United States v. Marlow Ashley

370 F. App'x 520
CourtCourt of Appeals for the Fifth Circuit
DecidedMarch 26, 2010
Docket09-30320
StatusUnpublished
Cited by1 cases

This text of 370 F. App'x 520 (United States v. Marlow Ashley) is published on Counsel Stack Legal Research, covering Court of Appeals for the Fifth Circuit primary law. Counsel Stack provides free access to over 12 million legal documents including statutes, case law, regulations, and constitutions.

Bluebook
United States v. Marlow Ashley, 370 F. App'x 520 (5th Cir. 2010).

Opinion

PER CURIAM: *

In this appeal, we consider several issues raised by Marlow Ashley who was convicted of drug trafficking offenses. For the following reasons, we AFFIRM Ashley’s conviction.

I.

On September 30, 2008, the defendant Marlow Ashley and a female companion Markiya Atkins approached Roberta Figueroa, a ticket agent at the Kerrville bus station in Humble, Texas to purchase a bus ticket. Atkins presented Figueroa with a driver’s license and paid cash for a one-way bus ticket to Shreveport, Louisiana. Atkins then requested a baggage check claim form for one bag. On the claim form, Figueroa handwrote the place of origin and the destination of the bag. Figueroa noticed that when the bus arrived, Ashley, and not the ticket-holder Atkins, boarded the bus. At trial, Figueroa testified that the ticket and baggage check issued to Atkins were the only ones issued to passengers in Humble destined for Shreveport that day and that, aside from Ashley, no one else boarded the bus from Humble to Shreveport. After the bus departed, Figueroa exited the bus station to take a break and noticed Atkins sitting in her car.

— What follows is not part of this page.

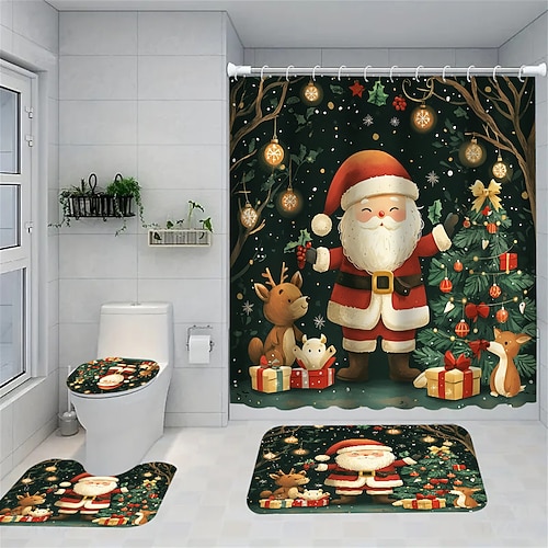 Tenda da doccia in quattro pezzi, con sedile del water antiscivolo e robusto e tappetino da bagno, motivo natalizio con Babbo Natale e albero di Natale, materiale in poliestere impermeabile con 12

In Shreveport, police officers received confidential information from the Houston Police Department that two people involved in drug trafficking were on their way from Humble to the Shreveport bus station. The confidential information described the appearance and clothing of the male on the bus and the model, color, and license plate of the car driven by the female. Several Shreveport plain-clothes officers arrived at the Shreveport terminal one half hour before the bus was scheduled to arrive. Soon after their arrival, officers noticed a car matching the description given by the confidential informant, parking on a street next to the bus station. When the bus arrived, five or six passengers disembarked but only one of the passengers, Ashley, matched the description given to law enforcement. Officers testified that upon alighting from the bus, Ashley appeared nervous, frantically making calls and text messaging on his cell phone. Without approaching the checked luggage removed from the bus, Ashley exited the bus station and began walking down the street.

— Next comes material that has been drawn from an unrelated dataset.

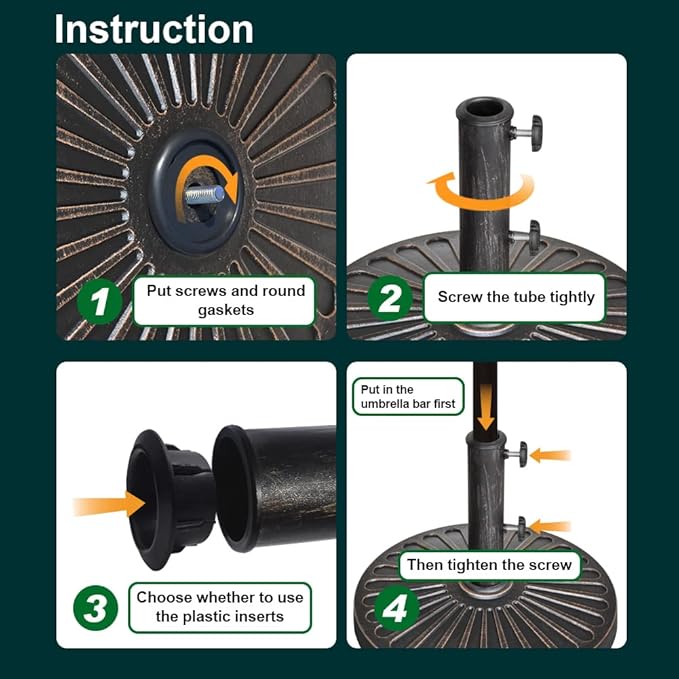 - Equipped with adjustable piston, a wide range of application, can be adjusted according to the thickness of the umbrella column.Umbrella Pole Diameter Range:φ1.5" - 1.96".

Only a cardboard box and a black roller bag were removed from the bus’s cargo hold. The officers brought in a drug dog which made a positive alert to the black roller bag. On the outside of the bag, a baggage claim check read “To Shreveport, Louisiana from Humble, Texas via Humble, Texas.” 1 When it became evident *523 that no one would claim the luggage, officers opened the black bag and discovered 225 grams of crack cocaine and 28.3 grams of powder cocaine wrapped in dryer sheets and electrical tape.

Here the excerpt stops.